Without going in to details about my friends’ lives (this is my blog not theirs) there are certain cultural practices that I have definitely taken note of and hope to assimilate into my own life. (These are my generalisations based on my experience and what I’ll take from each city.) The Great Danes are renowned for having the highest standard of living. I will remember the slowness of the Danish life, the gentleness, the quiet, the stillness of everything underneath the big Danish skies. Life felt a lot simpler. It often felt like I was looking through the cleanest, clearest lens and I now look back on those eight days like they were a dream.
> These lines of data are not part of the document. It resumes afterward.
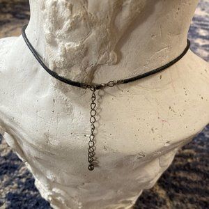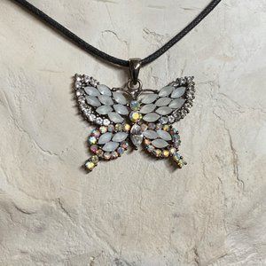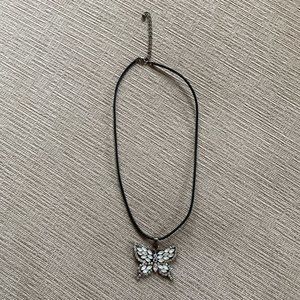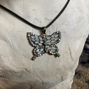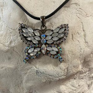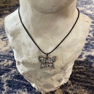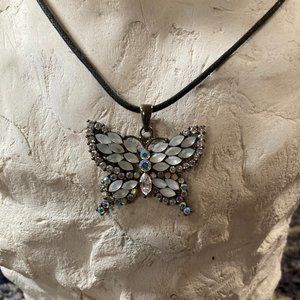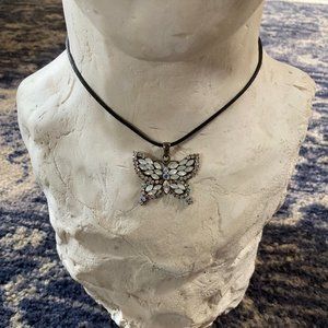 Selling this butterfly necklace with crystals and a leather cord. The length is 18 inches from end to end. Can wear as a necklace or shorter as a choker.
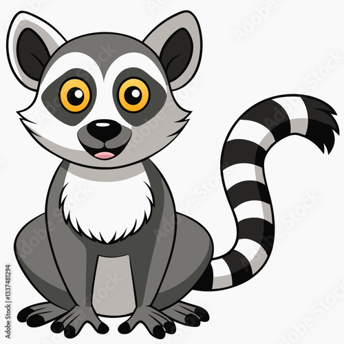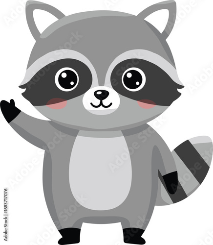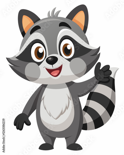 Cute raccoon vector. Funny woodland animal happy smiling cartoon icon. Playful, joyful, overjoyed character illustration isolated on white background
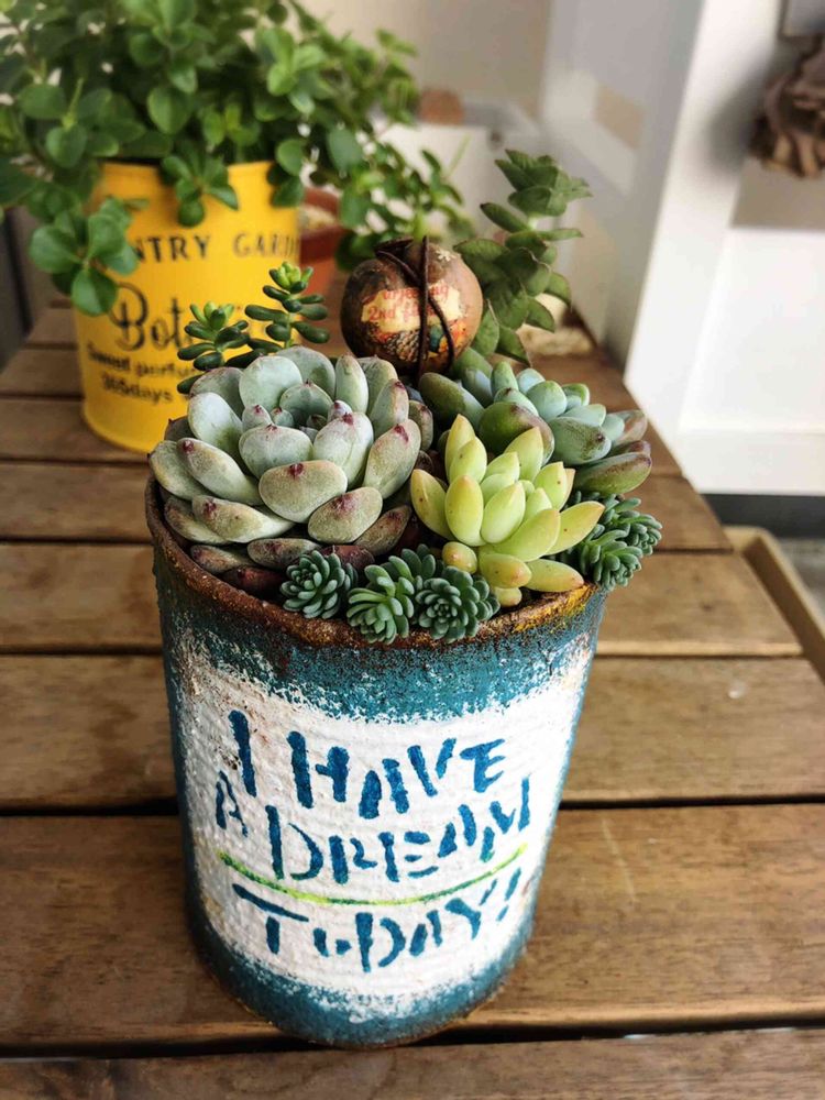 今回は持ち合わせの多肉でやったので、何を入れるか悩みました。リメ缶が素敵なのでサマになってますかね😆✨

Dutch parenting has been widely acclaimed as producing the happiest children and I certainly like their more relaxed approach. Kids playing on the streets all day, the sharing of bikes with neighbours, chocolate sprinkles on toast for breakfast… It felt like everything is done in moderation – no extremes, just steady on and enjoy the ride. And there is a real sense of community that travels beyond the neighbourhood. One chance encounter really epitomises what Holland represents to me. Jorien and Sebastian’s over the road neighbour had a baby while we were staying there. We knew the neighbour was in labour when the midwife arrived for the home birth. The following morning a puppet stork was hung on their window notifying the neighbours that the baby had been born. So typical Dutch – community and transparency but so subtle, minimalist and creative. I also think this video on the many ways you can bike ride in Holland is so reflective of what it is to be Dutch. I have a wee crush on Holland and it has only intensified since our being here.

And finally the Germans – well they don’t always get the best wrap but I do love their general sense of order, cleanliness and as Guy put it, there’s a sense of abundance about everything. As I have already written, Germany is so personal to me that it is hard to see it beyond my history and family connection.

And finally, (need to post this before it is a book!!!) I have also noticed in all three countries that yelling is not really part of the dialogue and though a good scream is worth mountains of emotional freedom, it has been very humbling hearing and observing life in more subtle tones. I am looking forward to traveling further south (ITALY! SPAIN!) where people speak with their hands and raise their voices more frequently. Let it go!!!!